Forward looking statements
This announcement includes statements that are, or may be deemed to be,
"forward-looking statements''. These forward-looking statements can be
identified by the use of forward-looking terminology, including the terms
"believes'', "estimates'', "plans'', "anticipates'', "targets'', "aims'',
"continues'', "projects'', "assumes'', "expects'', "intends'', "may'', "will'',
"would'' or "should'', or in each case, their negative or other variations or
comparable terminology. These forward-looking statements include all matters
that are not historical facts. They appear in a number of places throughout
this announcement and include statements regarding the Group's and the
Directors' intentions, beliefs or current expectations concerning, among other
things, the Group's results of operations, financial condition, liquidity,
prospects, growth strategies and the industries in which the Group operates. By
their nature, forward-looking statements involve risk and uncertainty because
they relate to future events and circumstances. A number of factors could cause
actual results and developments to differ materially from those expressed or
implied by the forward-looking statements, including without limitation:
conditions in the markets, market position of the Company, earnings, financial
position, cash flows, return on capital, anticipated investments and capital
expenditures, changing business or other market conditions and general economic
conditions. These and other factors could adversely affect the outcome and
financial effects of the plans and events described herein. Forward-looking
statements contained in this announcement based on past trends or activities
should not be taken as a representation that such trends or activities will
continue in the future.
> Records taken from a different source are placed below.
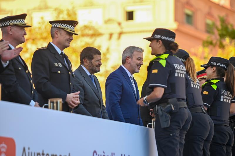 El acto ha sido presidido por el alcalde de Barcelona, Jaume Collboni, acompañado por el teniente de la alcaldía de Seguridad, Prevención, Convivencia y Régimen Interior, Albert Batlle, y el Jefe de la Guardia Urbana, el Intendente Mayor, Pedro Velázquez. Al acto también ha asistido el director general de los Mossos d’Esquadra, Pere Ferrer.
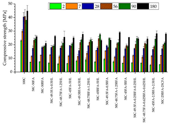 The introduction of HL in mortars with CFA does not have a significant improvement in the strength of mortar when compared to the plain cement one. An increase in the compressive strength at early ages was observed for mortars with HL and CFA. This can be due to the breaking down of CFA particles at the high calcium hydroxide content and the inner silicate phase becoming suitable for the hydration reaction with the production of more calcium silicate hydrates [94]. However, its introduction in mortars with BFA leads to an increase in the mortar strength, being the cement substitution of 1.25% by HL, the content that provides the best results for the different curing ages.
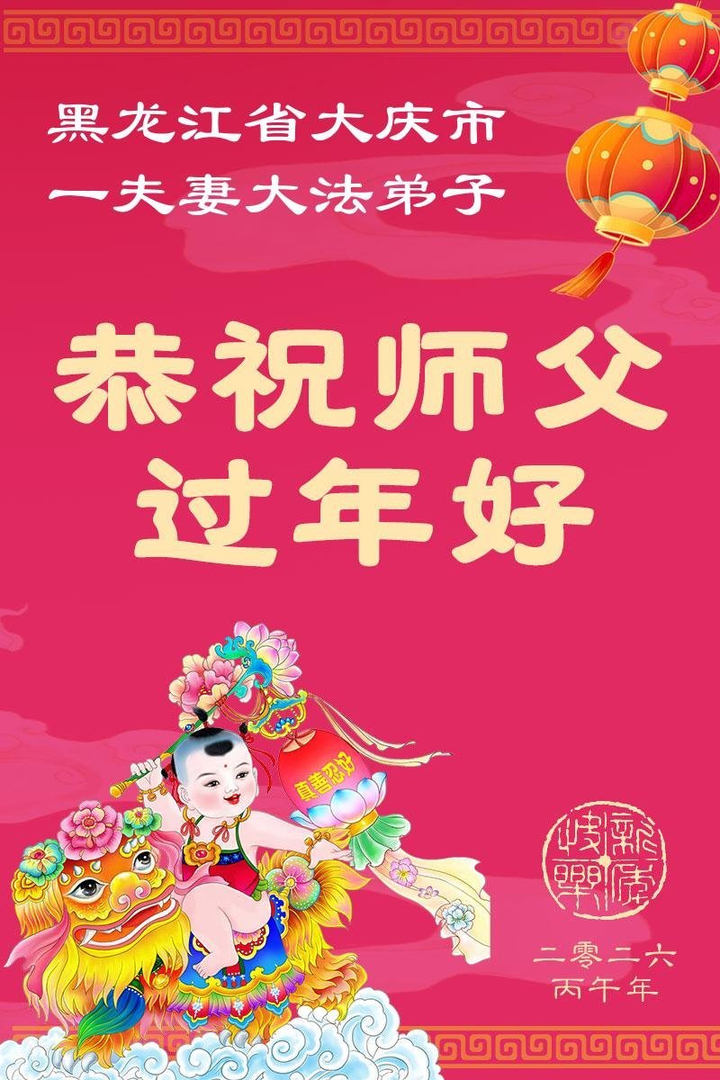 黑龙江省大庆市一夫妻俩大法弟子恭祝师父新年好!
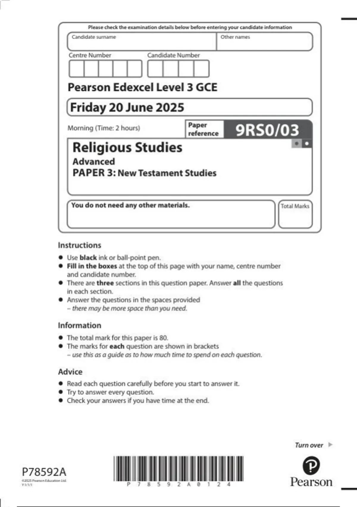 EDEXCEL religious studies 9rs0-03 paper 3- new testament studies june-2025
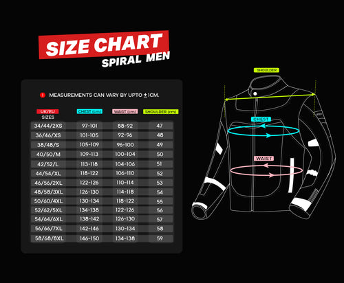 Adjustable for a Snug Fit: The RTech Spiral Mesh Motorbike Jacket comes with strap adjusters on the waist and forearms, velcro and zipper adjusters on the cuffs, and snap button adjusters on the biceps. Elastic stretch panels on elbows further enhance flexibility, giving you the freedom to move however you like.
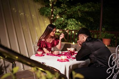 The setup includes a beautifully decorated outdoor canopy with fairy lights, flower petals, candles, personalized table setup.
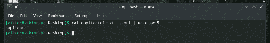 Just like the way we told “uniq” to skip first couple characters, it’s also possible to tell “uniq” to just limit the check within the first couple characters. There’s a dedicated “-w” flag for this purpose.
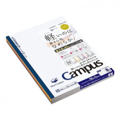 | うすくて軽いキャンパスノート「スマートキャンパス」。うすいのに裏うつりしにくく、なめらかに書けます。従来のキャンパスノートより平滑度の高い紙を使用しており、書き心地なめらかです。5色セットのパックノートです。 |
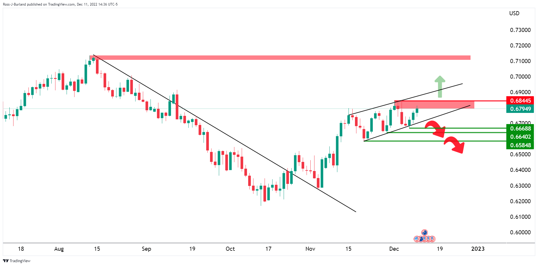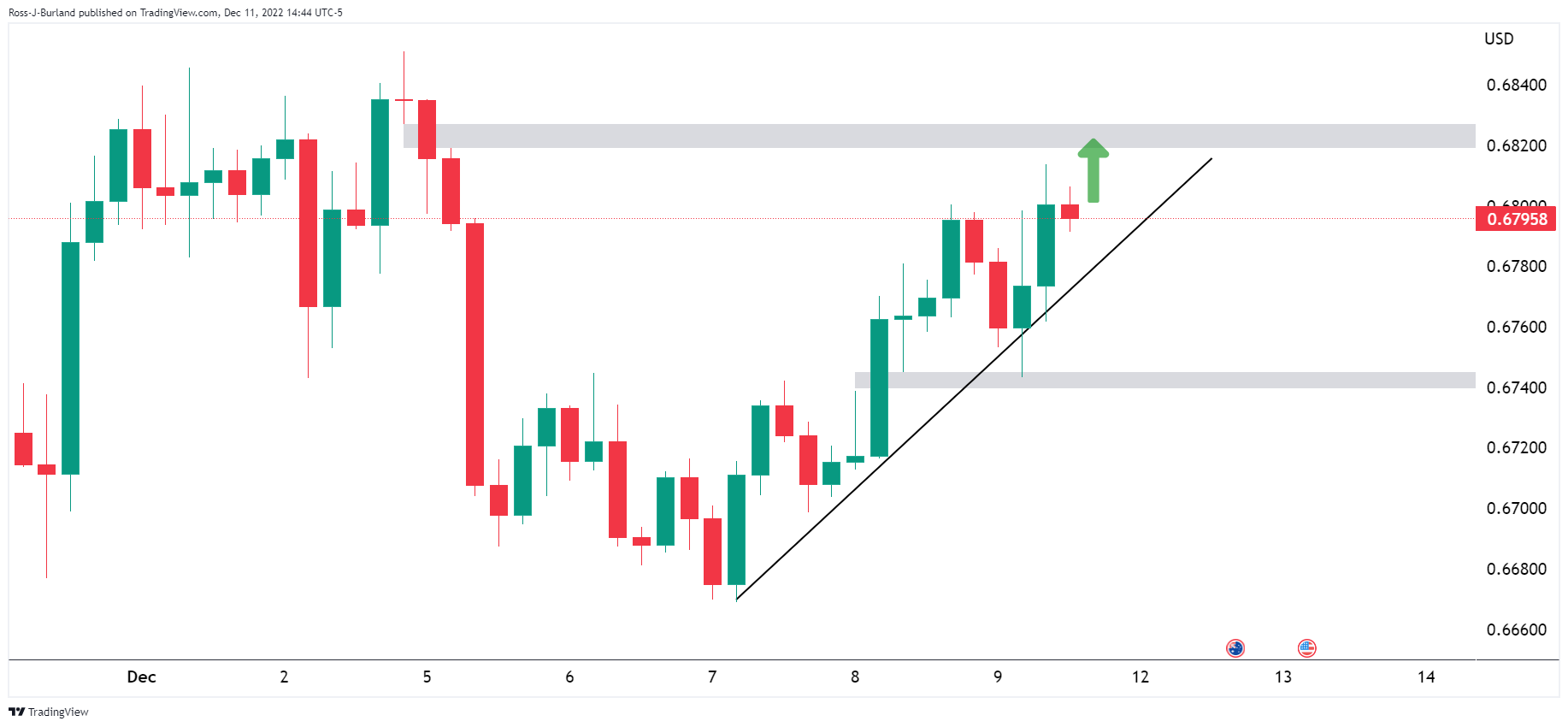 澳元/美元已经维持看涨前景,𫔭盘有望突破0.6800。

Subject as aforementioned, neither the Company nor
Rothschild undertakes any obligation to update or revise any forward-looking
statements, whether as a result of new information, future events or otherwise.
None of these statements made in this statement in any way obviates the
requirements of the Company to comply with the Prospectus Rules, the Disclosure
and Transparency Rules, the Listing Rules or FSMA.

Dealing Disclosure Requirements
Under the provisions of Rule 8.3 of the Code, if any person is, or becomes,
'interested' (directly or indirectly) in 1% or more of any class of 'relevant
securities' of London Scottish Bank plc, all 'dealings' in any 'relevant
securities' of that company (including by means of an option in respect of, or
a derivative referenced to, any such 'relevant securities') must be publicly
disclosed by no later than 3.30 pm (London time) on the London business day
following the date of the relevant transaction. This requirement will continue
until the date on which the offer becomes, or is declared, unconditional as to
acceptances, lapses or is otherwise withdrawn or on which the 'offer period'
otherwise ends. If two or more persons act together pursuant to an agreement or
understanding, whether formal or informal, to acquire an 'interest' in
'relevant securities' of London Scottish Bank plc, they will be deemed to be a
single person for the purpose of Rule 8.3.
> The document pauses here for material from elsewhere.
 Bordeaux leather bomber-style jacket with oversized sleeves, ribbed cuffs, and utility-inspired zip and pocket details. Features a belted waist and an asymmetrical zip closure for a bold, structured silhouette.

Under the provisions of Rule 8.1 of the Code, all 'dealings' in 'relevant
securities' of London Scottish Bank plc by London Scottish Bank plc, or by any
of its 'associates', must be disclosed by no later than 12.00 noon (London
time) on the London business day following the date of the relevant
transaction. A disclosure table, giving details of the companies in whose
'relevant securities' 'dealings' should be disclosed, and the number of such
securities in issue, can be found on the Takeover Panel's website at

www.thetakeoverpanel.org.uk. 'Interests in securities' arise, in summary, when
a person has long economic exposure, whether conditional or absolute, to
changes in the price of securities. In particular, a person will be treated as
having an 'interest' by virtue of the ownership or control of securities, or by
virtue of any option in respect of, or derivative referenced to, securities.

Terms in quotation marks are defined in the Code, which can also be found on
the Panel's website. If you are in any doubt as to whether or not you are
required to disclose a 'dealing' under Rule 8, you should consult the Panel.